┌─ RECORDS PROVIDED
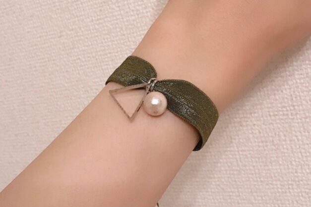 △モチーフ×コットンパールのついたヘアブレスレットです。
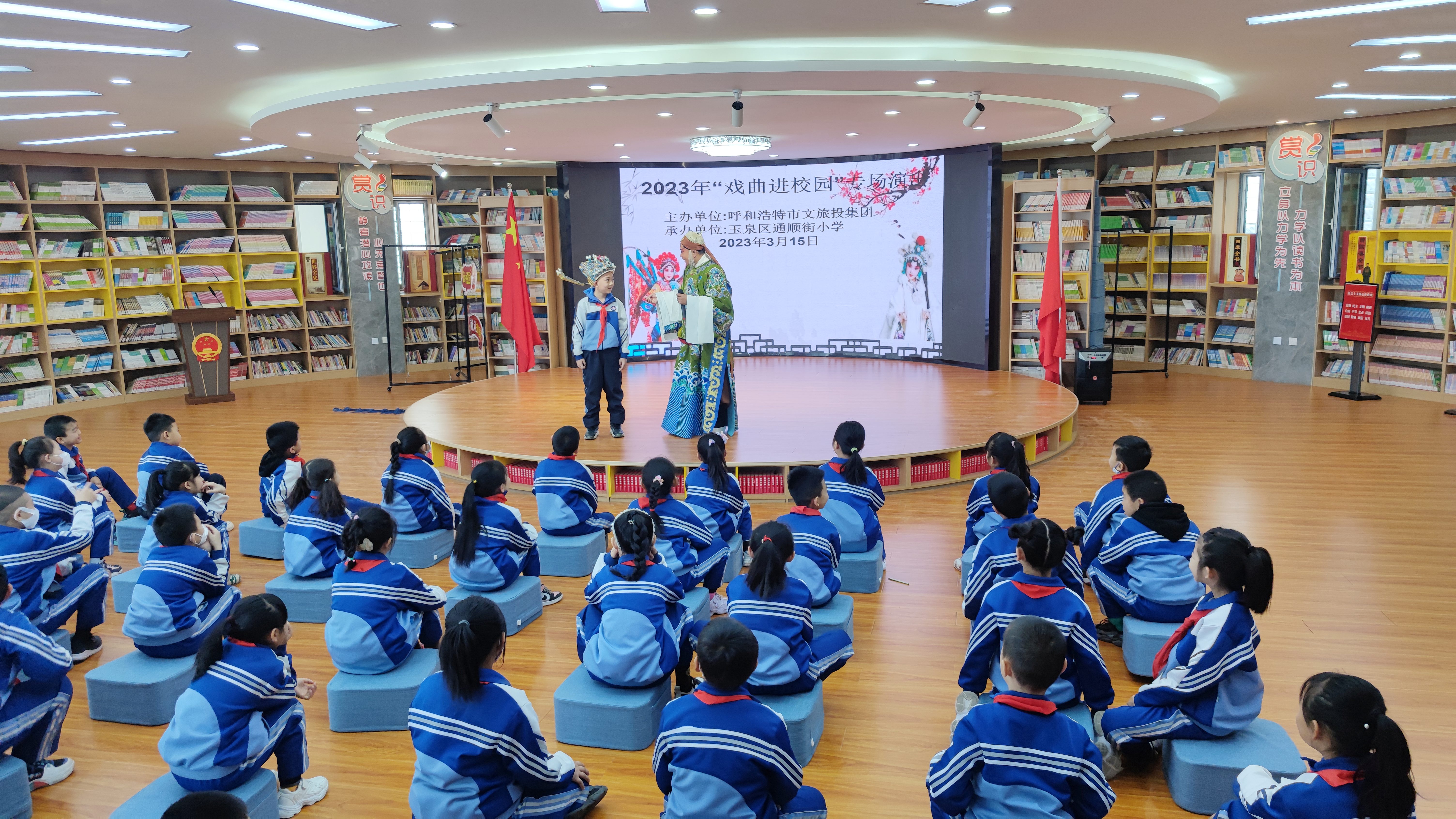 ? ? 為深入學(xué)習(xí)貫徹黨的二十大精神,大力推動中華優(yōu)秀傳統(tǒng)戲曲文化的校園傳承與發(fā)展,落實中共中央辦公廳和國務(wù)院辦公廳《關(guān)于實施中華優(yōu)秀傳統(tǒng)文化傳承發(fā)展工程的意見》《教育部關(guān)于切實加強新時代高等學(xué)校美育工作的意見》《呼和浩特市創(chuàng)建全國文明城市未成年人思想道德建設(shè)工作》文件以及文藝工作座談會精神的要求,近年來,呼和浩特市文化旅游投資集團有限公司全面貫徹黨的教育方針,秉著立德樹人根本任務(wù),組織所屬文藝院團構(gòu)建了由“戲曲進校園”“課本劇授課”和“創(chuàng)作有利于未成年成長的藝術(shù)作品”組成的“高雅藝術(shù)進校園”全新教學(xué)模式,引導(dǎo)廣大師生堅定文化自信,弘揚優(yōu)良傳統(tǒng),堅持守正創(chuàng)新,校園美育成效顯著。
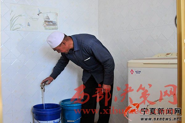 在海原水務局曹洼水利工作站站長牛志遠的帶領下,我們來到了白崖村村民馬正海的家。這是個干凈整潔的院落,兩間并排的磚瓦房,步入屋內,馬正海正在教老伴如何使用洗衣機。“50多歲了第一次用洗衣機,還不會操作呢” ,馬正海的老伴笑著說,“今年4月家里通上自來水,前陣子就去買了臺洗衣機,這在之前想都不敢想。”
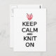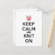 Keep calm and knit on with red yarn heart and knitting needles, word art, text design for t-shirt, cards, bags, gift
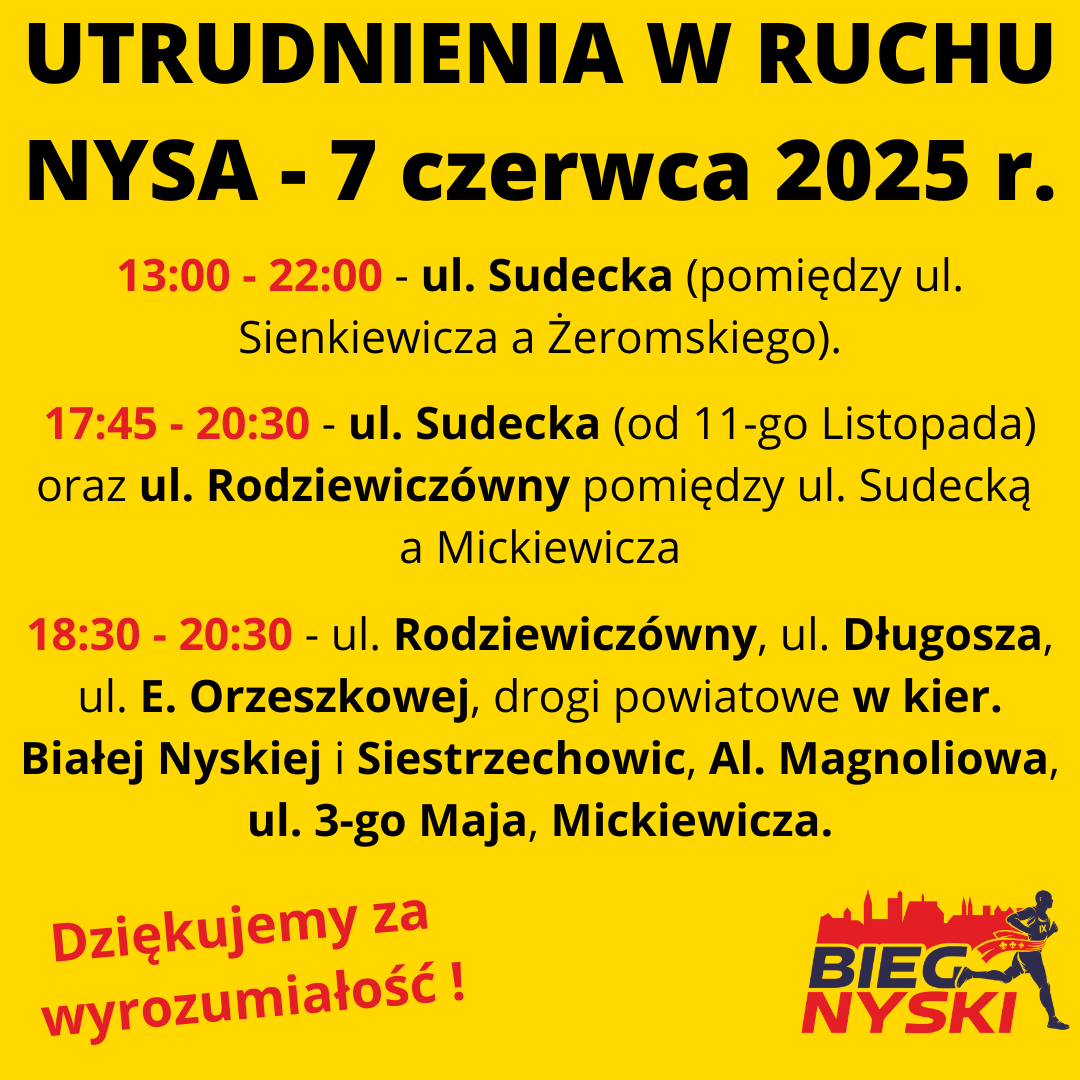 UTRUDNIENIA W RUCHU NYSA – 7 czerwca 2025 r. (sobota), z powodu organizacji XII IONWAY Biegu Nyskiego, w którym weźmie udział rekordowa liczba uczestników.
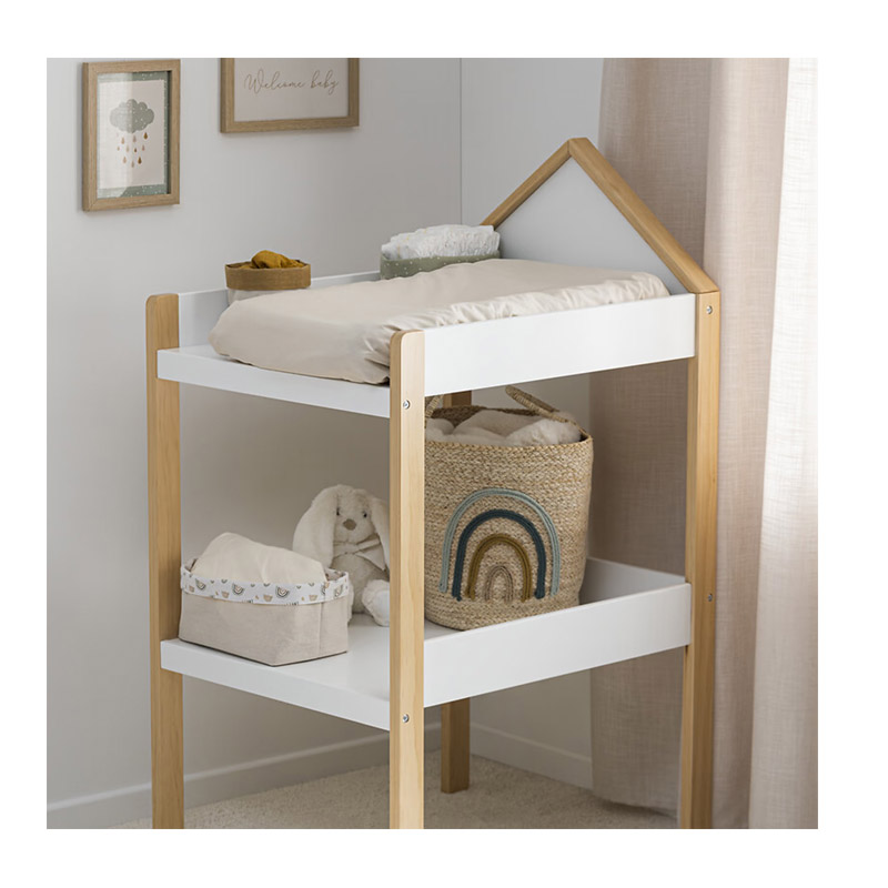 Η βρεφική αλλαξιέρα, από την εταιρία Atmosphera, είναι κατασκευασμένη από ξύλο MDF με στηρίγματα από ξύλο οξιάς και είναι ιδανική και πρακτική για το βρεφικό δωμάτιο. Το επάνω μέρος είναι ειδικά σχεδιασμένο για να τοποθετηθεί το μαξιλαράκι για να αλλάζετε το μωρό με ασφάλεια.
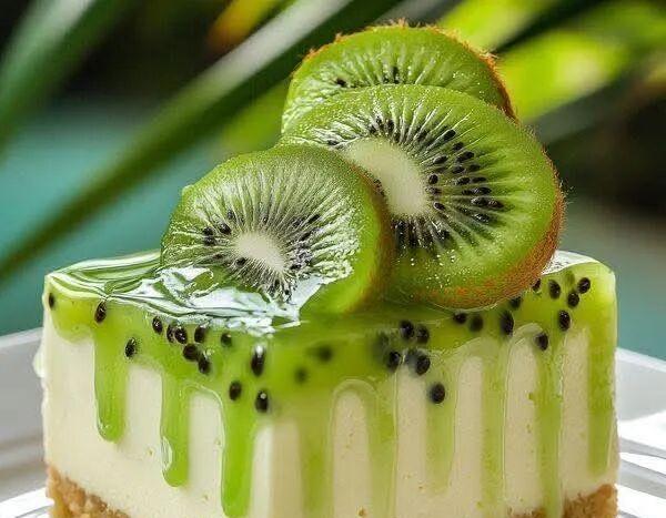 8. Place the kiwi slices on the cheesecake, then pour the gelatin on top.
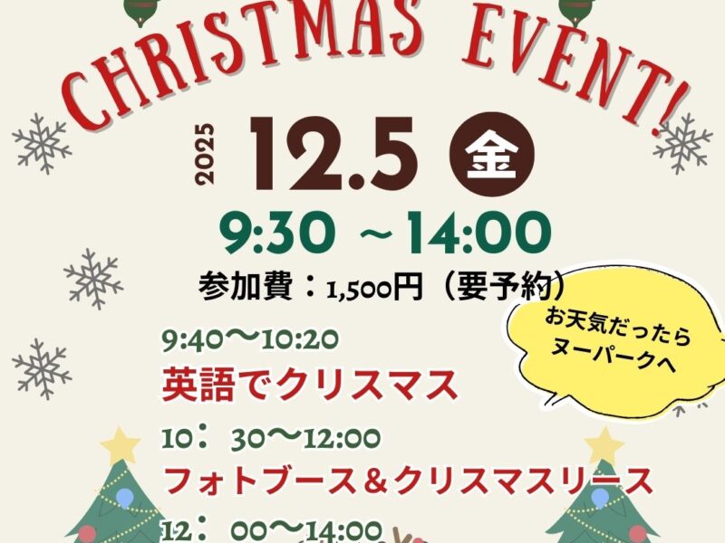 日時:12月5日(金)9:40〜14:00参加費:1,500円/1家族(要予約)※1人45分無料託児サービス付 みんなで楽しめる、かわいくてワクワクいっぱいのクリスマスイベントです🎄& …
└─
Each entry should be repeated exactly as it appears; the pictures stay out.

 △モチーフ×コットンパールのついたヘアブレスレットです。
 ? ? 為深入學(xué)習(xí)貫徹黨的二十大精神,大力推動中華優(yōu)秀傳統(tǒng)戲曲文化的校園傳承與發(fā)展,落實中共中央辦公廳和國務(wù)院辦公廳《關(guān)于實施中華優(yōu)秀傳統(tǒng)文化傳承發(fā)展工程的意見》《教育部關(guān)于切實加強新時代高等學(xué)校美育工作的意見》《呼和浩特市創(chuàng)建全國文明城市未成年人思想道德建設(shè)工作》文件以及文藝工作座談會精神的要求,近年來,呼和浩特市文化旅游投資集團有限公司全面貫徹黨的教育方針,秉著立德樹人根本任務(wù),組織所屬文藝院團構(gòu)建了由“戲曲進校園”“課本劇授課”和“創(chuàng)作有利于未成年成長的藝術(shù)作品”組成的“高雅藝術(shù)進校園”全新教學(xué)模式,引導(dǎo)廣大師生堅定文化自信,弘揚優(yōu)良傳統(tǒng),堅持守正創(chuàng)新,校園美育成效顯著。
 在海原水務局曹洼水利工作站站長牛志遠的帶領下,我們來到了白崖村村民馬正海的家。這是個干凈整潔的院落,兩間并排的磚瓦房,步入屋內,馬正海正在教老伴如何使用洗衣機。“50多歲了第一次用洗衣機,還不會操作呢” ,馬正海的老伴笑著說,“今年4月家里通上自來水,前陣子就去買了臺洗衣機,這在之前想都不敢想。”
 Keep calm and knit on with red yarn heart and knitting needles, word art, text design for t-shirt, cards, bags, gift
 UTRUDNIENIA W RUCHU NYSA – 7 czerwca 2025 r. (sobota), z powodu organizacji XII IONWAY Biegu Nyskiego, w którym weźmie udział rekordowa liczba uczestników.
 Η βρεφική αλλαξιέρα, από την εταιρία Atmosphera, είναι κατασκευασμένη από ξύλο MDF με στηρίγματα από ξύλο οξιάς και είναι ιδανική και πρακτική για το βρεφικό δωμάτιο. Το επάνω μέρος είναι ειδικά σχεδιασμένο για να τοποθετηθεί το μαξιλαράκι για να αλλάζετε το μωρό με ασφάλεια.
 8. Place the kiwi slices on the cheesecake, then pour the gelatin on top.
 日時:12月5日(金)9:40〜14:00参加費:1,500円/1家族(要予約)※1人45分無料託児サービス付 みんなで楽しめる、かわいくてワクワクいっぱいのクリスマスイベントです🎄& …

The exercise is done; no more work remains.